2) The patch against Utilities.java just fixes getPositionAbove(). Does the present code suit your needs or is it also necessary to patch getPositionBelow()?
http://hg.netbeans.org/jet-main/rev/a6bbed8c0441

Comment 25 johnsonlau 2009-09-11 16:07:51 UTC

Hi, mmetelka. Thanks for your hard working.

Re 1) This fixes the selection and cursor position issue while mouse is used.
It's important to keep consistency and integrity of a string,
so I think it is a better practise to split a document by a codepoint but a single char.
The positioning should follow the codepoint also but an meaningless offset in Unicode,
which might be really confused as you said.

Re 2) getPositionBelow() has a similar logic already. It was fixed by #70254.
I don't know why issue #70254 left getPositionAbove() unfixed.
I tested and found that getPositionBelow() behaves as what I supposed,
then I decided to fixed getPositionAbove() with the similar logic.

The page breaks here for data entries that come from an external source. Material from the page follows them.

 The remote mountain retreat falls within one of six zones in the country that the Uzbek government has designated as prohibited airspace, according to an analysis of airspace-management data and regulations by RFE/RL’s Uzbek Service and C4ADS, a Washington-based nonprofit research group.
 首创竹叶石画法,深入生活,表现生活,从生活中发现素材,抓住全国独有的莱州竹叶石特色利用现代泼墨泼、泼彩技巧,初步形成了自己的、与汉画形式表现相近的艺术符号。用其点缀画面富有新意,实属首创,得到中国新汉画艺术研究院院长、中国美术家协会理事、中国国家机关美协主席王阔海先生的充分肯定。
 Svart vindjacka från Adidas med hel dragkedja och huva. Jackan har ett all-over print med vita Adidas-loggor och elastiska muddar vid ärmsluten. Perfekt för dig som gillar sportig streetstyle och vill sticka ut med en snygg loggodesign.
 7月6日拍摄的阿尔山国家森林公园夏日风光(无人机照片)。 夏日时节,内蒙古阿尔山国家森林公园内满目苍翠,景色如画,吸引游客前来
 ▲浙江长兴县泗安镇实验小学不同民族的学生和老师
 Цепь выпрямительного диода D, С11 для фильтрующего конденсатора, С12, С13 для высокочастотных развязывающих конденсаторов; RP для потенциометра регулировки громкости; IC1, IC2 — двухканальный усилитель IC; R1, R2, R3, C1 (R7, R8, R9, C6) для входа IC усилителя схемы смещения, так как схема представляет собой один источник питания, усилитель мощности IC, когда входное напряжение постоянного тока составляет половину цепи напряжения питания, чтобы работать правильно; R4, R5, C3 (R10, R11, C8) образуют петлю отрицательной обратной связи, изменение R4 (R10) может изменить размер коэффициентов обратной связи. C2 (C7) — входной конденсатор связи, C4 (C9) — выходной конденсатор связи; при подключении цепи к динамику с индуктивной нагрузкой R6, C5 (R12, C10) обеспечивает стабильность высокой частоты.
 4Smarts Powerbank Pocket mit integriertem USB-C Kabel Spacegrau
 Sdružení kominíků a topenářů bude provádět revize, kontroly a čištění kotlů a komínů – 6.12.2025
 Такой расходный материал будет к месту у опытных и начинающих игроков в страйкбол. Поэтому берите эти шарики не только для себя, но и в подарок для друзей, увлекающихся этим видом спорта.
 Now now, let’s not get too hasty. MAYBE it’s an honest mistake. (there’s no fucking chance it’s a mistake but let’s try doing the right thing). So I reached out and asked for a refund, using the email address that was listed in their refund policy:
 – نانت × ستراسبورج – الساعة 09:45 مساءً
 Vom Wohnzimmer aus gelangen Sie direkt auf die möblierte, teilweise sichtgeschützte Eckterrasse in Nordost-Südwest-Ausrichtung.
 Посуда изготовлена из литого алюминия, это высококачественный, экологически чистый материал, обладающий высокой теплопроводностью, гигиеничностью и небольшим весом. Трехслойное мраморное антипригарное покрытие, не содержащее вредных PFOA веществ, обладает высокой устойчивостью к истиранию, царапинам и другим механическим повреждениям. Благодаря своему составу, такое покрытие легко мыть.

Comment 26 Quality Engineering 2009-09-13 21:05:07 UTC

Integrated into 'main-golden', will be available in build *200909131354* on http://bits.netbeans.org/dev/nightly/ (upload may still be in progress)
Changeset: http://hg.netbeans.org/main-golden/rev/a6bbed8c0441
User: Miloslav Metelka <mmetelka@netbeans.org>
Log: #164820 - Cannot display or paste supplementary characters.

Comment 27 johnsonlau 2010-09-02 03:56:19 UTC

Created attachment 101816 [details]
JDK bug #6877495 patch

A patch for JDK bug #6877495.
http://bugs.sun.com/bugdatabase/view_bug.do?bug_id=6877495

Verified on Ubuntu 10.04 + OpenJDK 6b20.
Supplementary characters can be pasted from a native GTK application (like gedit) to Java application and vice versa after patched.